The focal length f1 of the lens 30 and a focal length f2 of each cylindrical concave lens of the lens array 54 are determined so that, when the display device 26 is disposed at the focal point of the lens 30, the surface of the hologram recording medium 34 serves as an imaging surface at which each image displayed on the display device 26 is formed. The focal length f3 of the lens 32 is determined so that the surface of the hologram recording medium 34 serves as a converging surface.
The display device 26 displays multiple images over the display area divided into segments in the vertical direction. Multiple object beams that have been transmitted through the corresponding multiple images are transmitted through the corresponding cylindrical concave lenses of the lens array 54. The multiple object beams that have been transmitted through the lens array 54 are imaged and converged by the lens 30 and the lens 32 and applied to the hologram recording medium 34.
By replacing the lens array 28 including multiple cylindrical convex lenses illustrated in FIG. 3 with the lens array 54 including multiple cylindrical concave lenses illustrated in FIG. 9, the display device 26 is allowed to be disposed at the focal point of the lens 30. Thus, the size of the optical system is further reduced than that in the case of the first exemplary embodiment.
FIG. 10 is a configuration diagram of a modified example of the optical system according to the fourth exemplary embodiment. As illustrated in FIG. 10, one convex lens 56 may be used instead of two cylindrical lens illustrated as the lens 30 and the lens 32 in FIG. 9, as in the case of the third exemplary embodiment, to simplify the optical system.

Fifth Exemplary Embodiment

In a fifth exemplary embodiment, the display device 26 displays multiple display images over the display area divided into segments not only in the vertical direction but also in the horizontal direction. Multiple strip-shaped component holograms that are to be recorded so as to be superimposed one on top of another in accordance with multiple display images displayed so as to be arranged in the vertical direction are recorded on the hologram recording medium 34 at a time so as to be arranged in the horizontal direction.
FIG. 11 is a configuration diagram of an example of the configuration of an image recording device according to the fifth exemplary embodiment. Except that the optical system is changed, the fifth exemplary embodiment has the same components as those of the first exemplary embodiment. Thus, only the different points are described and the same components are not described. As illustrated in FIG. 11, a transmissive display device 26, a lens array 28, a lens array 58, a lens 60, a lens 30, and a lens 32 are disposed between the mirror 24 and the hologram recording medium 34 in this order from the mirror 24 along the optical path.
The lens array 28 includes multiple cylindrical convex lenses. Each of the multiple cylindrical convex lenses is disposed in such a manner that its convex surface faces the display device 26 and that its lengthwise direction coincides with the horizontal direction. The multiple cylindrical convex lenses are arranged in the vertical direction so as to correspond to the respective segments into which the display area of the display device 26 is divided in the vertical direction.

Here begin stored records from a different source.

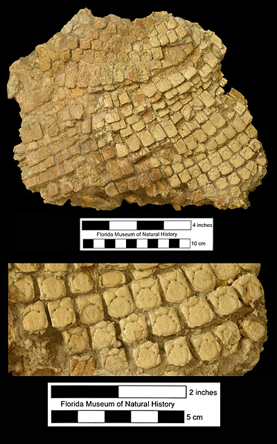 Figure 3. UF 61906, partial articulated carapace of Dasypus bellus from the Shell Materials Pit, Hillsborough County, Florida; early Pleistocene. This is the only known large section of a carapace of this species found articulated in Florida. The top image shows the entire specimen in dorsal view, while below is a close-up view of the pelvic buckler region.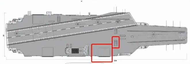 一号起飞位的挡焰板与舰岛前方的升降器距离太近了,两者会互相干扰。升降机工作的时候2号电磁弹射器无法工作;2号电磁弹射器工作的时候,升降机无法工作。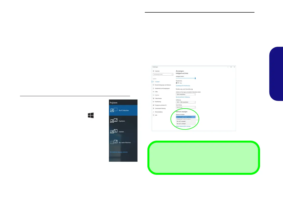 Konfiguration der Anzeige mit dem Projizieren-Menü:

The lens array 58 includes multiple cylindrical concave lenses. Each of the multiple cylindrical concave lenses is disposed in such a manner that its concave surface faces the lens array 28 and its lengthwise direction coincides with the vertical direction. The multiple cylindrical concave lenses are arranged in the horizontal direction so as to correspond to the respective segments into which the display area of the display device 26 is divided in the horizontal direction.
The lens 60 is a cylindrical lens. The lens 60 is disposed in such a manner that its convex surface faces the lens 30 and its lengthwise direction coincides with the vertical direction. The lens 60 functions as an imaging lens that images the object beams that have been transmitted through the lens array 28 and the lens array 58 in such a manner that the object beams are superimposed one on top of another in the horizontal direction in front of the lens 32.
The focal length f1 of the lens 30 and the focal length f2 of each cylindrical convex lens of the lens array 28 are determined so that, when the display device 26 is disposed at the focal point of each cylindrical convex lens of the lens array 28, the surface of the hologram recording medium 34 serves as an imaging surface on which each image displayed on the display device 26 is formed.
A focal length f4 of the lens 60 and a focal length f5 of each cylindrical concave lens of the lens array 58 are determined so that, when the display device 26 is disposed at the focal point of the lens 60, multiple object beams that have been transmitted through the lens 60 are imaged while being superimposed in the horizontal direction in front of the lens 32. A focal length f3 of the lens 32 is determined so that the surface of the hologram recording medium 34 serves as a Fourier transformation surface at which the images imaged while being superimposed in the horizontal direction in front of the lens 32 are subjected to Fourier transformation.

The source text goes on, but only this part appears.